* Task to complete *
While reading through the material below, copy each line that holds the word "delicate".
-- Provided information follows --
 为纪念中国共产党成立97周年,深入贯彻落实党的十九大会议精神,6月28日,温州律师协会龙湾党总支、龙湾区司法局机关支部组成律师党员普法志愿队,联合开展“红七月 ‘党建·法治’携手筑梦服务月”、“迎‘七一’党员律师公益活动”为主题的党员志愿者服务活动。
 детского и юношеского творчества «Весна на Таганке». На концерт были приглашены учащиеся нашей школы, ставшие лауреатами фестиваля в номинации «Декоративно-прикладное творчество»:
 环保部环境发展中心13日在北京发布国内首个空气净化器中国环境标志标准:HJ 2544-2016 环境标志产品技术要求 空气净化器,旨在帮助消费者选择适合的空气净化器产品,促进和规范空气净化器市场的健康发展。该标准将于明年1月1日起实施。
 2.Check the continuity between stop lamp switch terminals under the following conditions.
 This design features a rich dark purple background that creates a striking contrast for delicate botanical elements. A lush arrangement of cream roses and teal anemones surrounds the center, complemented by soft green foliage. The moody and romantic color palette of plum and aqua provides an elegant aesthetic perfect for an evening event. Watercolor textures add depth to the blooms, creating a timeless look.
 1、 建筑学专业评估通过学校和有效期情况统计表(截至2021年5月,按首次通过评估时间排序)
-- Provided information concluded --
-- Provided information follows --
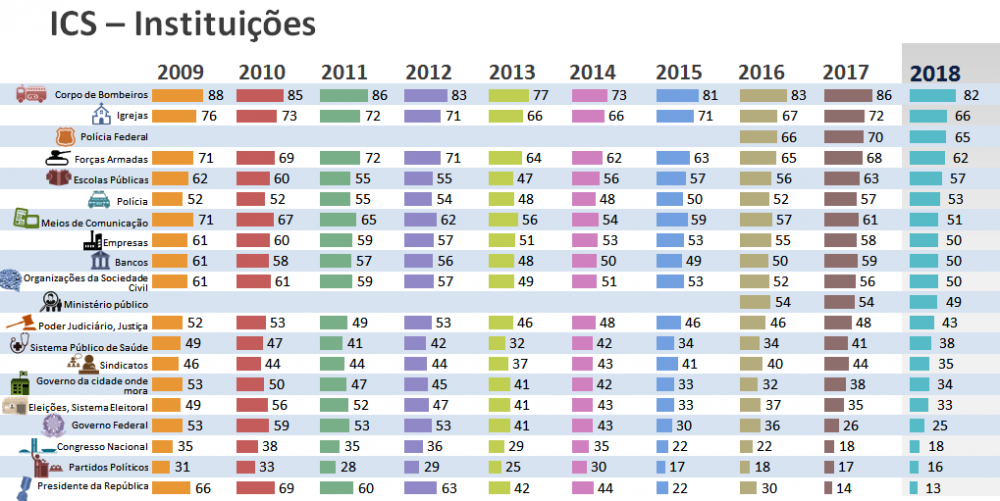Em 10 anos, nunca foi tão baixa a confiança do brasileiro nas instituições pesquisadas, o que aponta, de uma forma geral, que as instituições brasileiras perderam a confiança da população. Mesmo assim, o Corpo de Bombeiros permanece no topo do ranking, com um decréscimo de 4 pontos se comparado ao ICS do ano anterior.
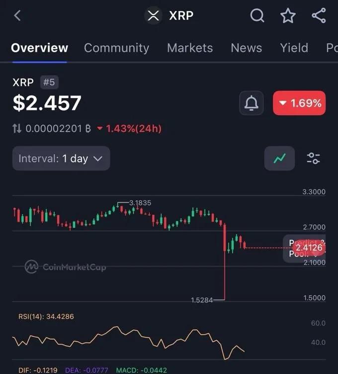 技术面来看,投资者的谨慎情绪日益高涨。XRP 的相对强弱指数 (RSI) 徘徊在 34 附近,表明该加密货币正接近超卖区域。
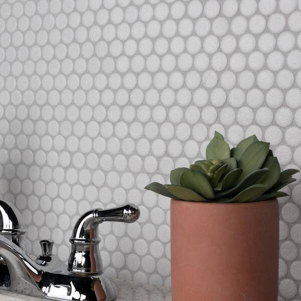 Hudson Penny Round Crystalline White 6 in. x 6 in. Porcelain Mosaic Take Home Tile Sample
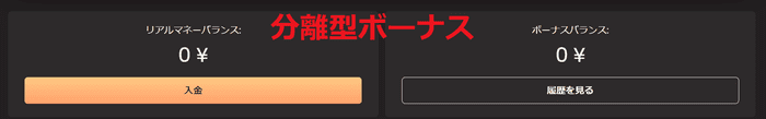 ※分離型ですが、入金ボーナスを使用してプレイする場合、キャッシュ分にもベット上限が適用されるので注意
-- Provided information concluded --
-- Provided information follows --
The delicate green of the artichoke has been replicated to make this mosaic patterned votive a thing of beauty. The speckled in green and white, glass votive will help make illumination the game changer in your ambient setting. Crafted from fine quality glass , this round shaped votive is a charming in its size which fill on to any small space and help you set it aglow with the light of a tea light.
-- Provided information concluded --
* Solution *
 This design features a rich dark purple background that creates a striking contrast for delicate botanical elements. A lush arrangement of cream roses and teal anemones surrounds the center, complemented by soft green foliage. The moody and romantic color palette of plum and aqua provides an elegant aesthetic perfect for an evening event. Watercolor textures add depth to the blooms, creating a timeless look.
The delicate green of the artichoke has been replicated to make this mosaic patterned votive a thing of beauty. The speckled in green and white, glass votive will help make illumination the game changer in your ambient setting. Crafted from fine quality glass , this round shaped votive is a charming in its size which fill on to any small space and help you set it aglow with the light of a tea light.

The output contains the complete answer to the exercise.